Re: The current proposal
On Sun, 22 Feb 2009 18:22:00 -0100, Michel Hack <hack@xxxxxxxxxxxxxx>
wrote:
Siegfried Rump wrote, concerning whether intervals
should or should not contain Infinity as a number:
Imagine the question "What is the result of -0==0" is at stake.
NO, whether intervals should contain Infinity as a member is NOT the point!
The point is that always, without case distinction, the following
should be true:
(1) For a given function F, for example, X=F(interval(A.sup)) should give
an
inclusion of the value of F at the right bound of A.
and
(2) [a,b] = hull(interval(a),interval(b)).
Both is very natural in interval computations.

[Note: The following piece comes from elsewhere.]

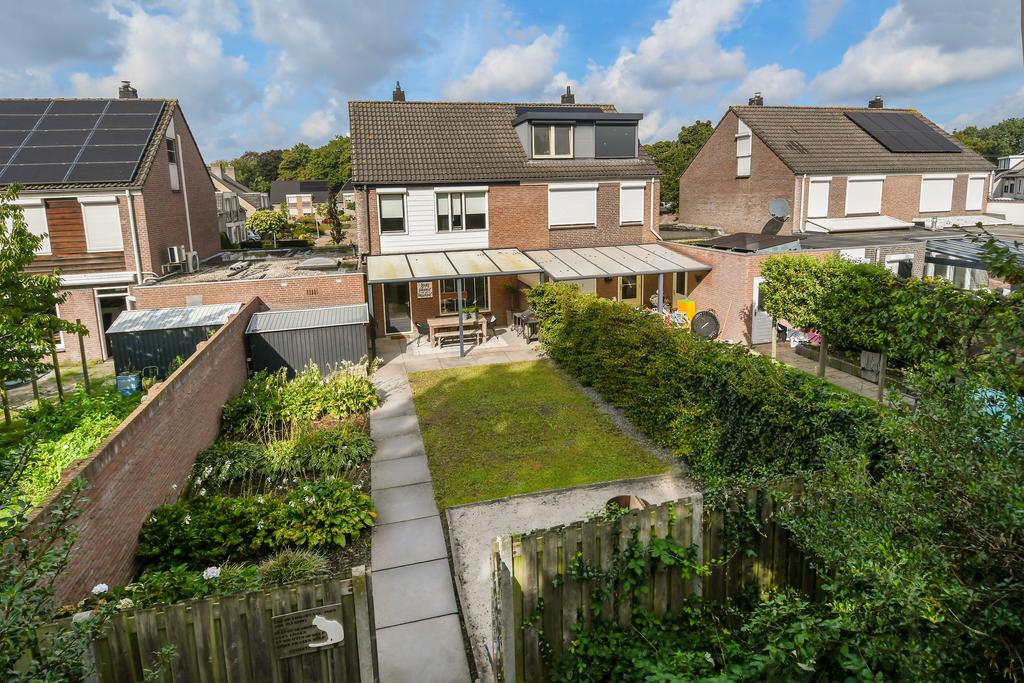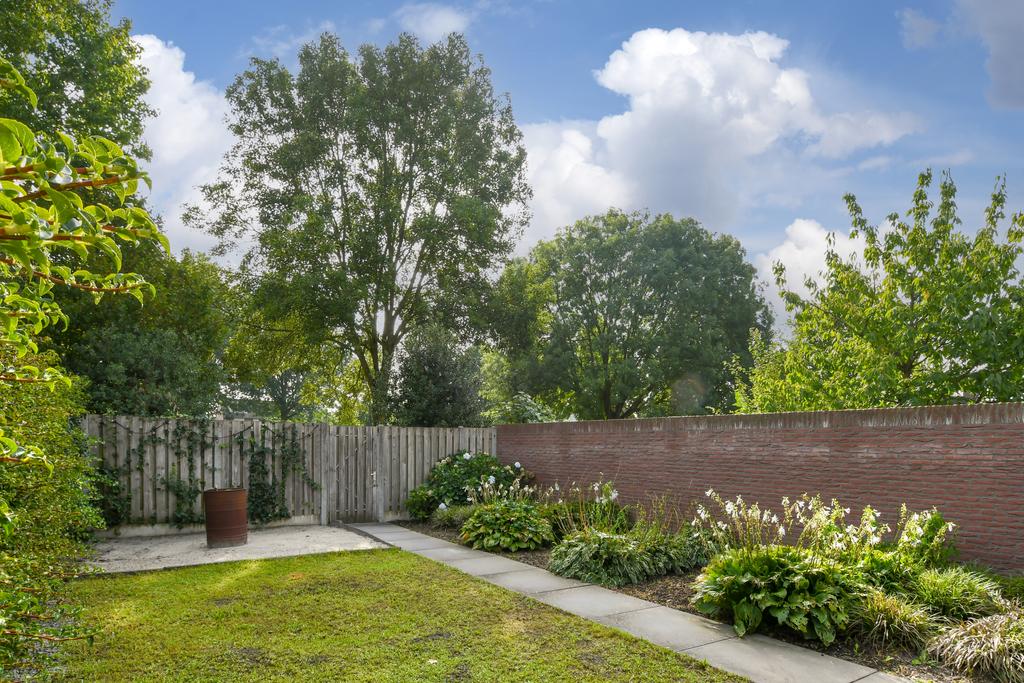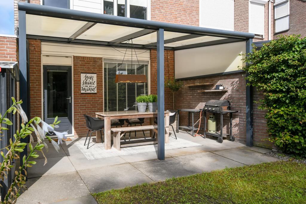 De achtertuin heeft een mooie afmeting en diepte genoeg om in te richten zoals je wilt! Er is een terras aan de woning met een overkapping waar je de hele dag heerlijk kan genieten van het vrije uitzicht en het groen van het achtergelegen park.

My point is to START with PROPERTIES we wish to maintain, not
with solutions.
Such properties are (1) and (2), and also
(3) 0*A=0 under any circumstances.
This is a very nice property and an argument against Infinity
being a member of intervals. Another property is
(4) xx=interval(x) implies xx.inf==xx.sup.

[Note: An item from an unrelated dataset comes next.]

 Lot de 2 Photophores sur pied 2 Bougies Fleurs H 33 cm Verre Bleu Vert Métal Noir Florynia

This is also nice property and an argument against
interval(Infinity)=[realmax,Infinity].
IMHO, the properties (1), (2) are mandatory, (3) is important,
(4) is nice to have. Note that I am mainly speaking as a potential
USER of the interval arithmetic standard, not as an implementer.

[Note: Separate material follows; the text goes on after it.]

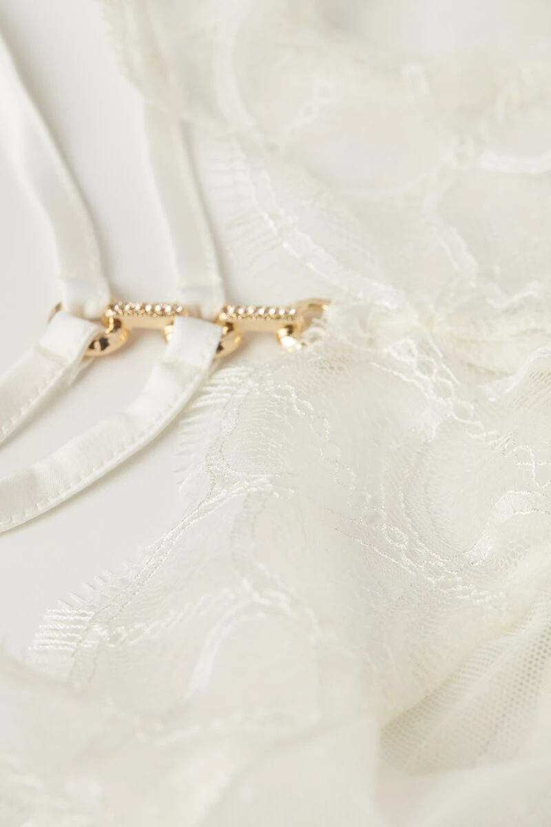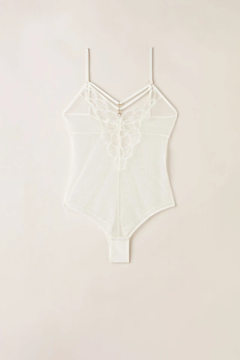Bodysuit with triangle cups, crafted from soft plumetis tulle. Sensual neckline embellished by the lace flounce and the satin motifs with a jewel accessory detail complete with rhinestones. Satin straps adjustable at the back. 100% cotton gusset with press-stud closure.

If there is no acceptable way to maintain all properties (1..4)
we may think about workarounds and look for the best compromise.
Of course, the speed is important as well.
I would like to hear opinions from people working with interval
arithmetic what properties for them are mandatory, important or
nice to have.
Best wishes
Siegfried M. Rump
Imagine the question "What is the result of -0==0" is at stake.
Good example. There are indeed two ways to look at this, and each
is convenient for some things and inconvenient for others. So 754
picked the one that seems most convenient for most cases -- but ALSO
provides the totalOrder() predicate to accomodate the other cases.
Incidentally, if they/we had made the other choice (-0 != +0), there
would have been a branchless way to compute (x==y) in the (-0==+0)
sense -- i.e. without undue performance penalty: ((x+(+0))==(y+(+0)).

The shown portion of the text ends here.